Mobile devices are ever present when watching video content on a TV screen, easily allowing consumers to perform other activities simultaneously. *The **second screen**, such as a smartphone or tablet, is used by 64 percent of consumers every week to complement the content on the big TV screen*, such as looking up an actor, checking ratings, posting comments on social media, and watching video content on multiple screens.

TV and video content has always had a significant social component, for example, discussing TV programs while watching together at home. Today, those habits have migrated online, both for traditional TV content and for UGC [user generated content]. Millennials in particular have a more pronounced second screen behavior, and these habits continue to evolve. Since 2014, the habit of browsing the internet for content related to what is being watched on the big TV screen has increased by 35 percent, and watching 2 or more programs at the same time has increased just as much. *This growth can partly be attributed to the basic human need for instant gratification, as well as never wanting to have a dull moment.*


----------



## David Baxter PhD (Mar 12, 2021)

I'm not sure it's a question of "instant gratification" as much as convenience.
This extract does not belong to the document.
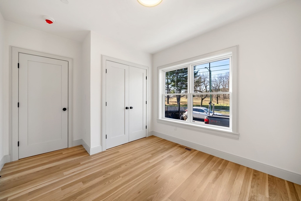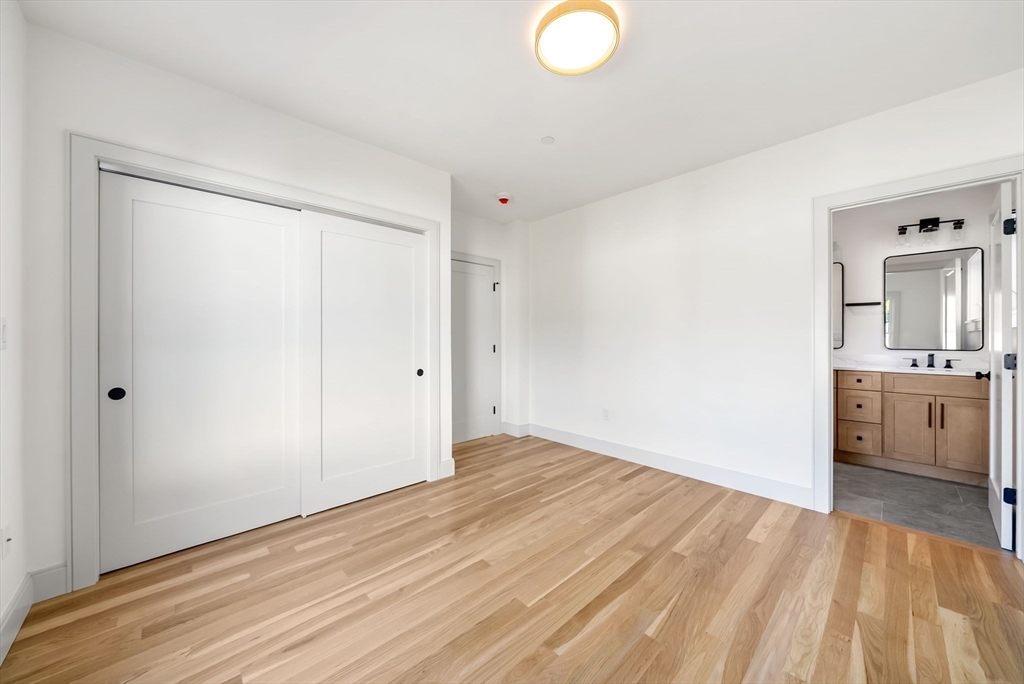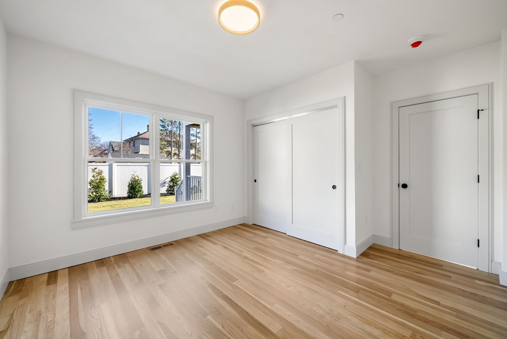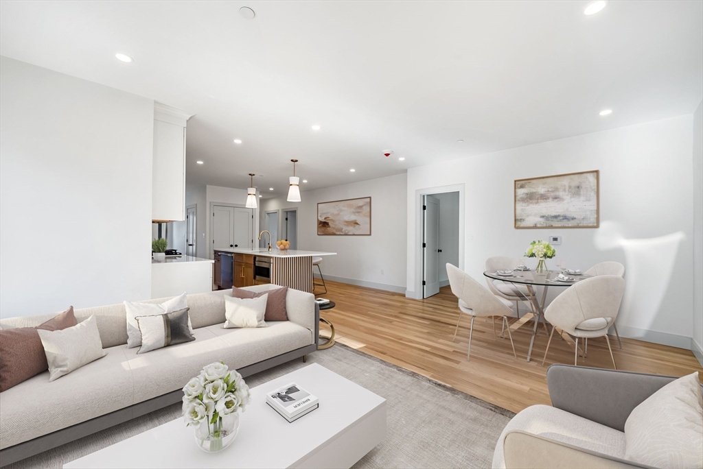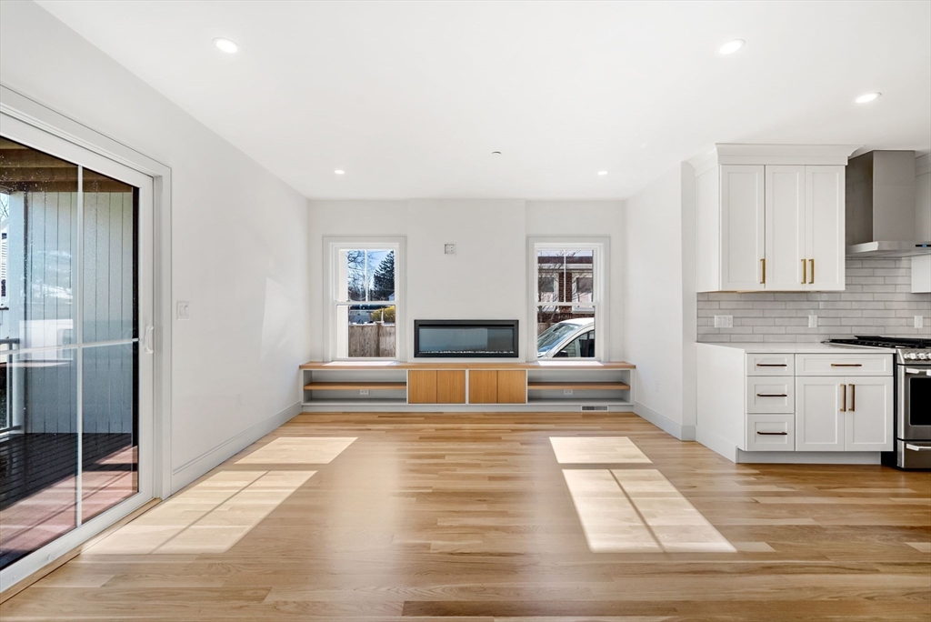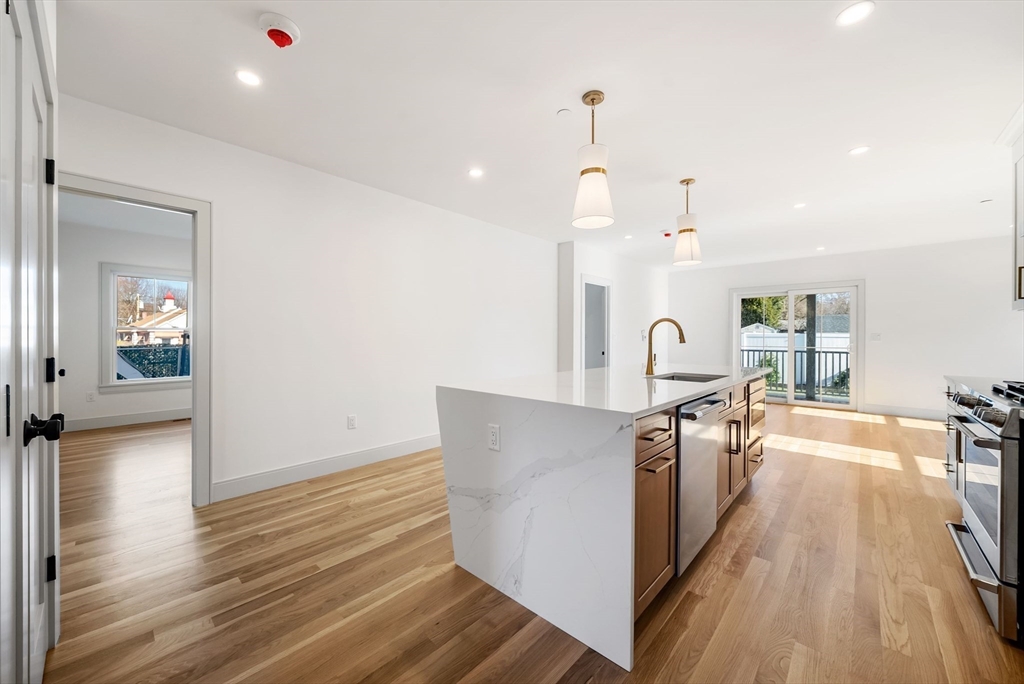 Perfectly positioned across from Spot Pond, this newly constructed 3-bedroom, 2-bath luxury residence offers a refined blend of elevated design and natural beauty. This direct-entry first-floor home is thoughtfully crafted with custom finishes throughout, showcasing white oak flooring, bespoke cabinetry, and elegant quartz surfaces in both the kitchen and baths. The open-concept layout is designed for modern living and effortless entertaining, highlighted by stunning custom-designed living room built-ins anchored by a sleek, modern fireplace. A private ~200 sq ft deck extends the living space outdoors, while select rooms capture partial pond views, bringing a serene backdrop indoors. Ideally located just moments from the trails of Middlesex Fells Reservation and Stone Zoo, with convenient access to Interstate 93, this residence offers an exceptional lifestyle of both tranquility and connectivity complete with two off-street parking spaces and dedicated storage.

Often when I'm watching a movie, I have a question about a specific actor, like where have I seen him or her before?

At one time, I'd pause the movie and check IMDB on my desktop in the next room. Now I don't have to: I just open the IMDB app on my phone and check it our there. My point is that either way I would want to look it up — now it's just easier to look it up.

Or I might Google a question about a specific event in whatever I'm watching (e.g., I found myself doping this quite frequently watching _The Crown_ on Netflix).


----------



## Daniel (Mar 12, 2021)

David Baxter said:


> I'm not sure it's a question of "instant gratification" as much as convenience.
> Often when I'm watching a movie, I have a question about a specific actor, like where have I seen him or her before?


Exactly. I was actually hoping you would say something like that.    I couldn't put my finger on it, but I knew they were being overly simplistic.

Otherwise, I guess you are supposed to live in ignorance and embrace the uncertainty of never knowing


----------



## Daniel (Mar 21, 2021)

Lessons for learning: How cognitive psychology informs classroom practice - kappanonline.org
					


Laboratory science and classroom observation reveal four simple strategies that can promote learning.





					kappanonline.org
				




While research on learning — arguably the most complex cognitive process — can be based on observations, surveys, or correlations, most of our research in cognitive psychology is experimental. We use experiments to examine how students learn everything from basic facts and vocabulary words to how students apply their knowledge using complex higher-order materials (Agarwal, in press). Or we might compare popular study methods, such as rereading or highlighting, to see which ones lead to longer-lasting learning. (It turns out that both *rereading and highlighting are fairly ineffective;* Putnam et al., 2016)


----------



## David Baxter PhD (Mar 21, 2021)

> (It turns out that both *rereading and highlighting are fairly ineffective;* Putnam et al., 2016)


I learned this a long time ago.

If I'm highlighting, I'm just highlighting. I don't actually read what I'm highlighting and I won't remember what I highlighted.
I don't know whether re-reading the same text helps me learn something or not but I found it deadly boring. My strategy was to get at least 2 or 3 books or articles on the same topic and read them all — once each. I'd make short notes on each.


----------